Kennen Sie Lisa und Lena? Wenn nicht, dann sind ihre liebsten sozialen Netzwerke offenbar nicht Musical.ly und Instagram – denn dort gehören die zahnspangentragenden Zwillinge zu den absoluten Stars. Die 14-Jährigen aus Stuttgart haben bei Instagram schlappe 10,4 Millionen Abonnenten, nur die beiden deutschen Fußballer Mesut Özil und Toni Kroos erreichen mit ihren Fotos und Videos mehr Menschen. Bei Musical.ly haben die beiden fast 19 Millionen Fans. Sie veröffentlichen dort 15-sekündige Clips, in denen sie zu aktuellen Liedern tanzen und synchron die Lippen bewegen. In beiden Portalen erreichen die Filme Abrufzahlen in Millionenhöhe.
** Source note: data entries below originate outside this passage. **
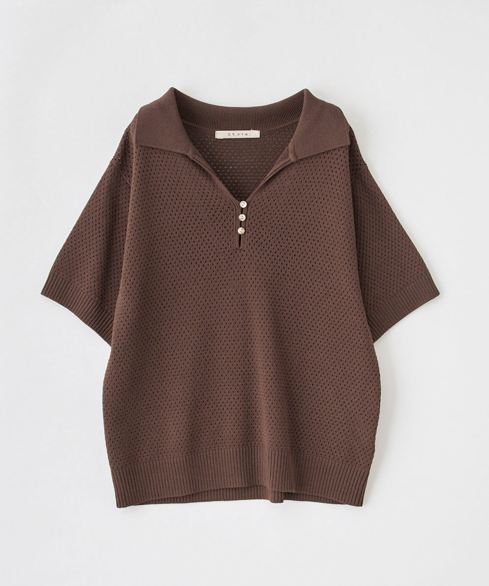 【着用感】:穴が小さめのメッシュ素材なので透けはあまり気になりません。インナーは白ほか明るい色であればそれほど気にせず着られると思います。リアルバイしましたが、とても軽く、また肌触りが良く快適に着られます。首周りが開き過ぎず適度に抜け感のある開き具合です。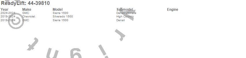 Brand: ReadyLiftPart Number: 44-39810Lift Kit-Suspension Type: 8 in. Lift - w/ARCUPC: 194933303069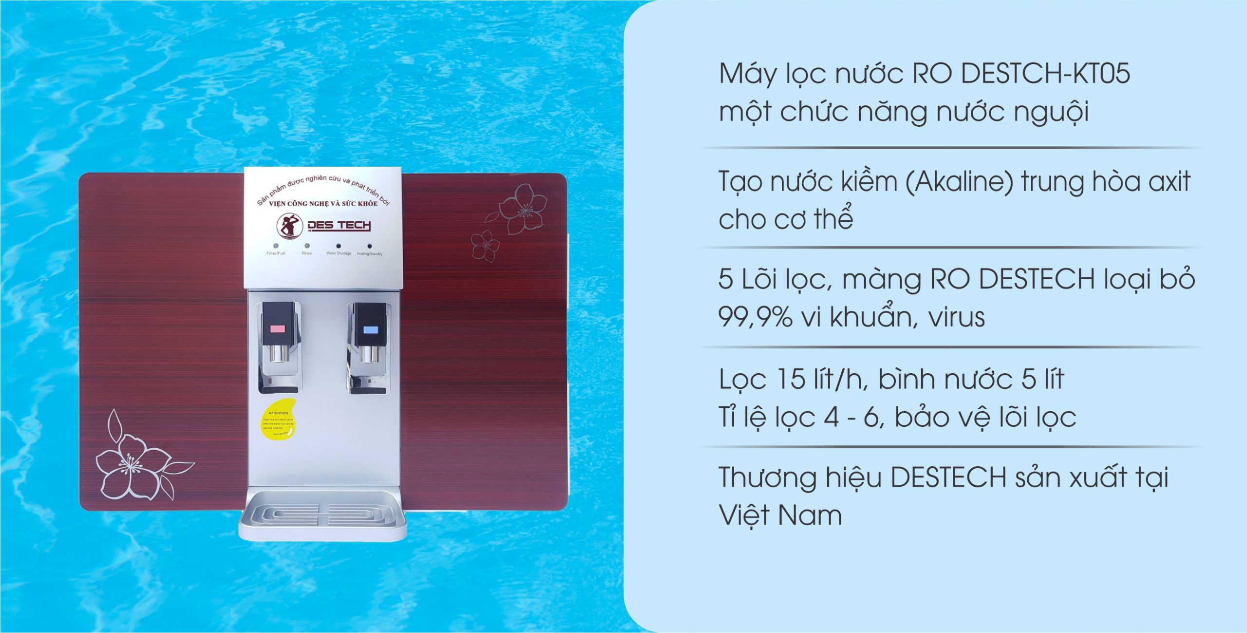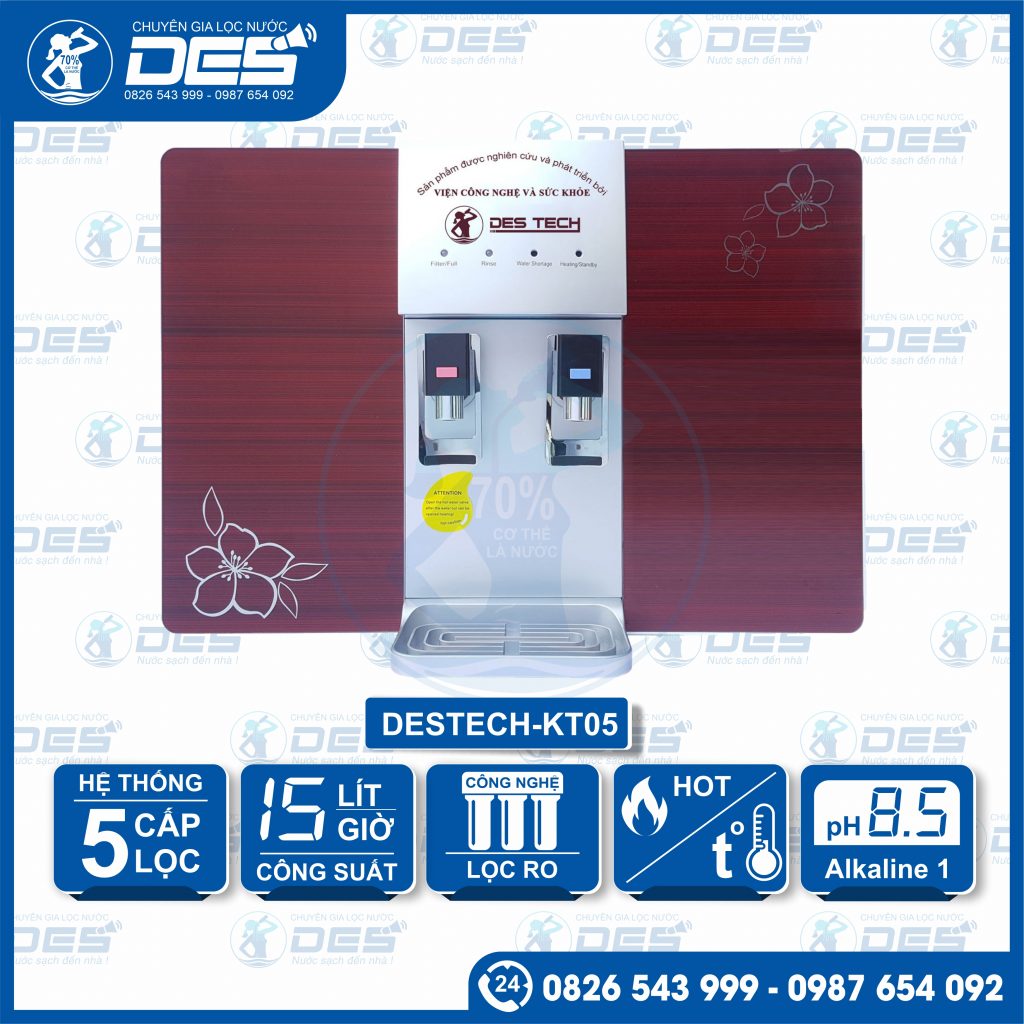 Máy lọc nước Nano nóng lạnh DESTECH-KT05 lõi là lựa chọn an toàn về chất lượng, tiện lợi trong sử dụng, đáp ứng tốt nhu cầu nước uống hàng ngày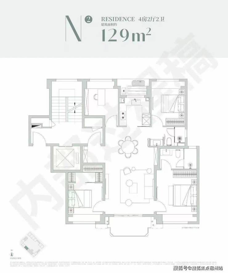 建面约129㎡4房2厅2卫:一梯两户,层高3.05米,三开间朝南,全卧飘窗,LDK一体化设计,南北直通,南向整体面宽约11.1米,其中客厅面宽约4.4米,主卧面宽约8.6米!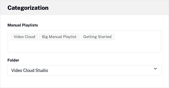 [分類] セクションでは、この動画が割り当てられている 手動プレイリスト と、動画が属している フォルダ が表示されます。プロパティを編集するには、このセクション内で直接変更を加えてください。変更後は Enter キーを押して保存します。

Sie kennen Musical.ly auch nicht? Das könnte auch an Ihrem Alter liegen. Die Smartphone-App nutzen bereits hunderte Millionen Menschen, die meist zwischen 13 und 25 Jahren alt sind und dort in der Selfie-Perspektive lustige Musikvideos drehen.

Und die Zwillinge zeigen, dass sich mit dem Social-Media-Ruhm auch Geld verdienen lässt - seit November 2016 haben die beiden einen eigenen Online-Shop, in dem es selbst designte Kleidung und Merchandise-Artikel der beiden zu kaufen gibt.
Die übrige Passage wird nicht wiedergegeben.